In 2015, she received an invitation from Spanish artist Alejandro Sanz to be part of his Sirope tour, in which she performed as a pianist and backing vocalist. In 2018, she participated in the recording of #El disco de Sanz and its subsequent backing tour, and collaborated as a pianist on the album Llueve alegría by Spanish singer Malú. She continued her work with Sanz for the tours Más es Más (in a unique concert held in Madrid in 2017) and Sanz en vivo (series of concerts that began in 2022).

In November 2020, she collaborated with Venezuelan singer José Luis Rodríguez during a streaming presentation entitled Directo a casa. After collaborating on the albums Miss You by Diogo Brown and Healer by Alex Cuba, in 2022 she recorded with Venezuelan violinist Daniela Padrón the album Ella, which featured production by Julio Bagué and Larry Coll and was presented live in Miami as a tribute to Latin American female composers.
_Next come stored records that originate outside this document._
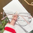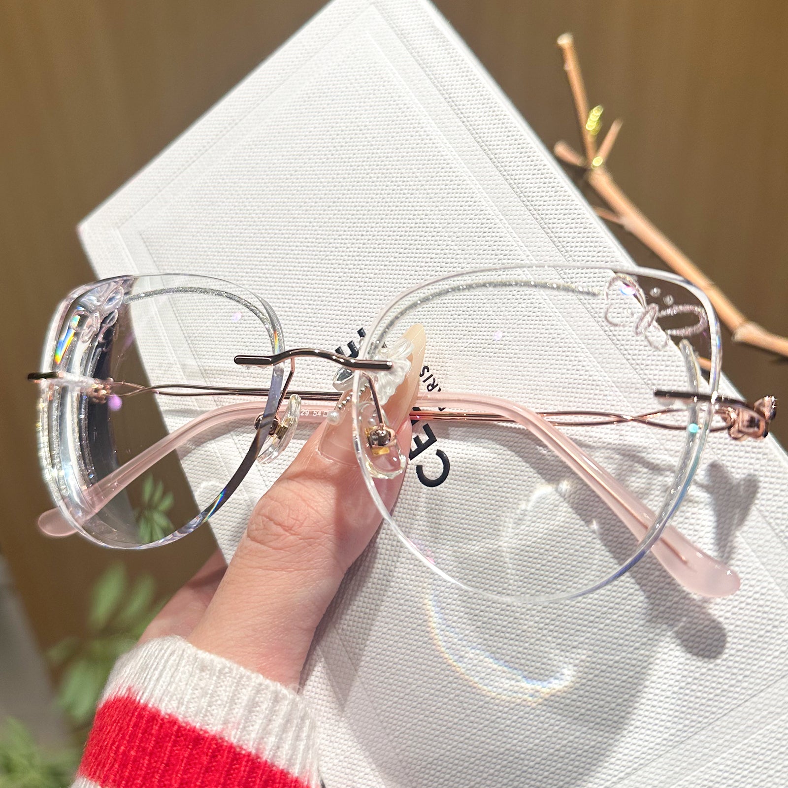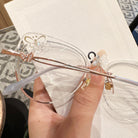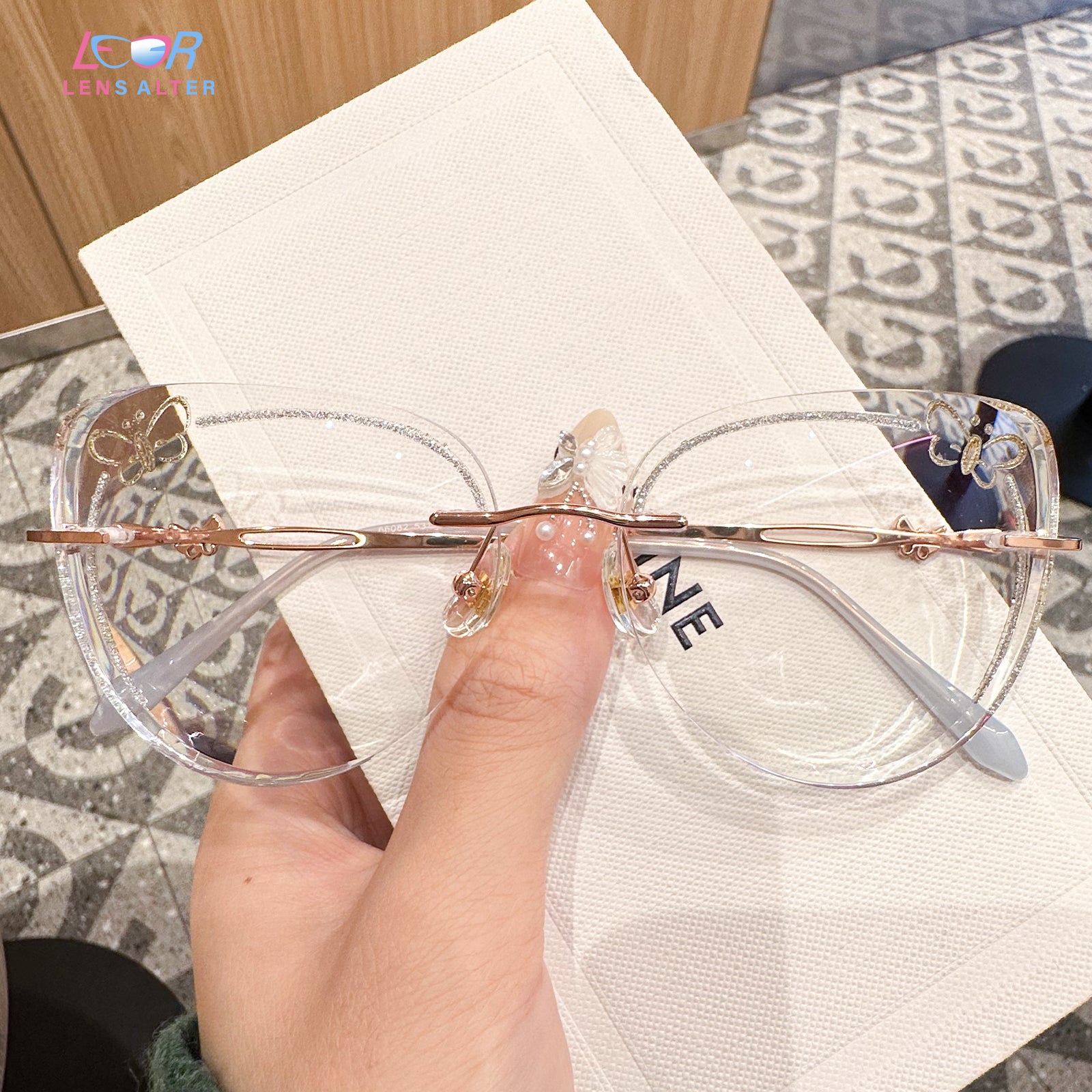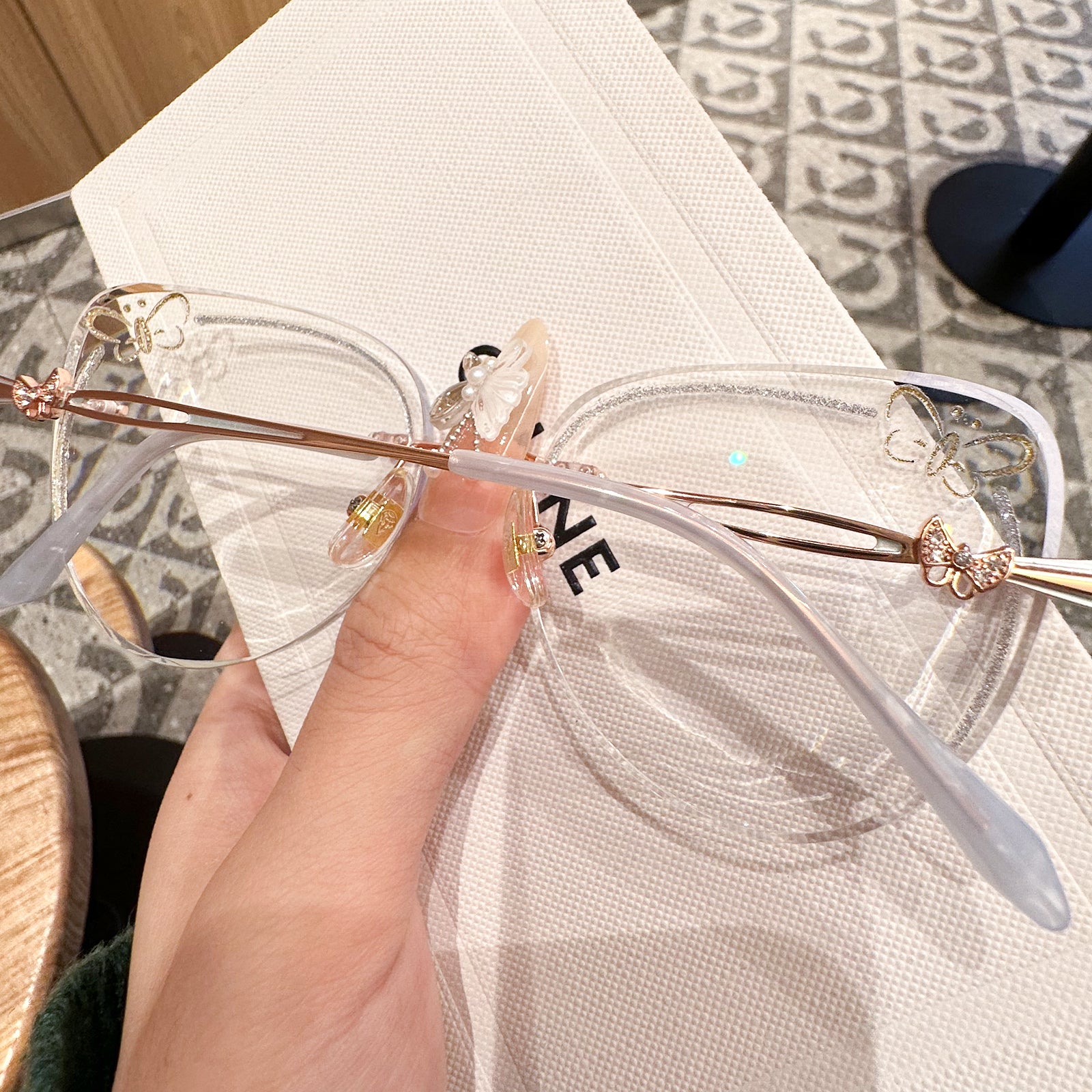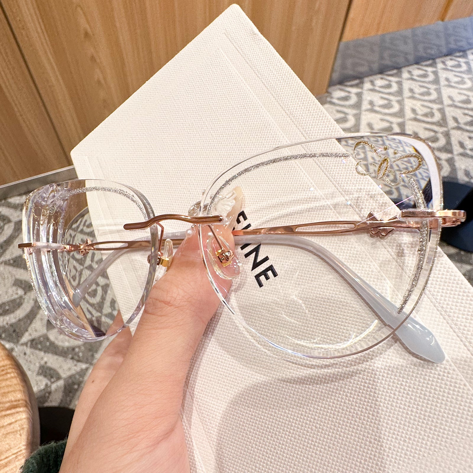 Dazzling butterfly rimless glasses feature butterfly motifs on both the lenses and temples, and are adorned with shimmering glitter details on the lenses, this design brings a touch of whimsy and elegance to your look. Perfect for making a bold and stylish statement.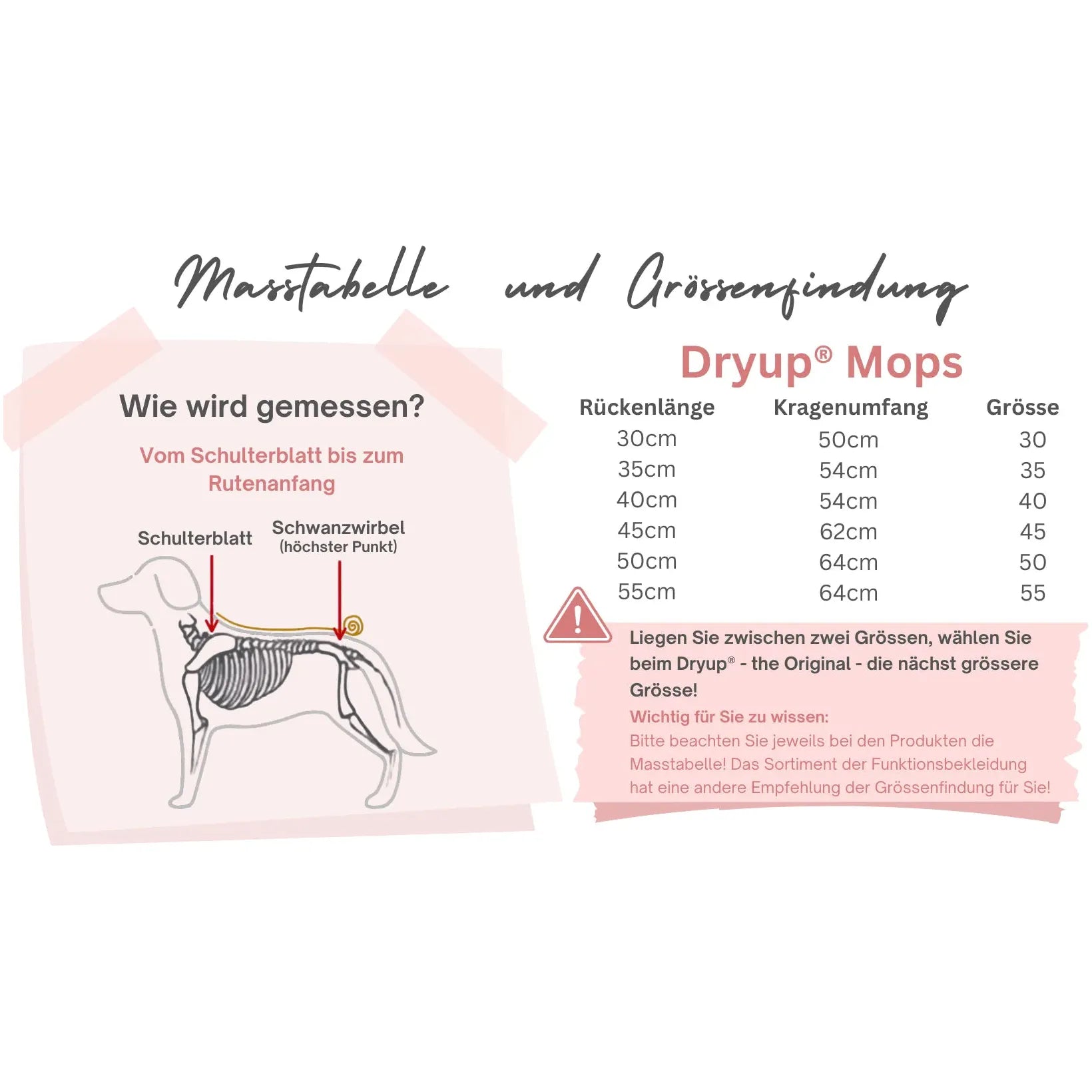 Bitte messen Sie die Rückenlänge Ihres Hundes vom Schulterblatt bis zum Rutenansatz. Liegt die Rückenlänge zwischen zwei Grössen, wählen Sie die nächstgrössere Variante.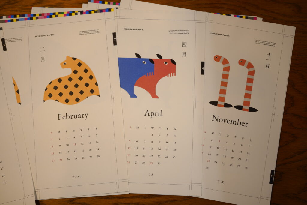 2月はナフキン、4月はLA、11月は竹皮といったように、月ごとに異なるロールエンボス加工が施され、毎月めくるたびに違う表情の紙が現れる仕様になっています。同じ紙でも、加工の違いでこれほどまで質感が変わるのかと、手触りで実感していただけるはずです。

The album received a Latin Grammy Award nomination in the category of best instrumental album, and includes versions of songs like "Bésame Mucho" by Consuelo Velázquez, "Te aviso, te anuncio" by Shakira, "Dr. psiquiatra" by Gloria Trevi, and "Babalú" by Margarita Lecuona.

=== Solo career and present day ===
After recording the singles "Me gusta" (2019) and "Soy de aquí" (2020) as a soloist, in March 2023 she released the single "Old Havana" through her independent label, as a preview of the full-length Kaleidoscope, released the same month. The web portal Miami Hispano defined it as "an aural work that honors and pays tribute to her classical musical career, teachers, mentors, pianists and Cuban composers, in addition to her love for the culture and music of her native country".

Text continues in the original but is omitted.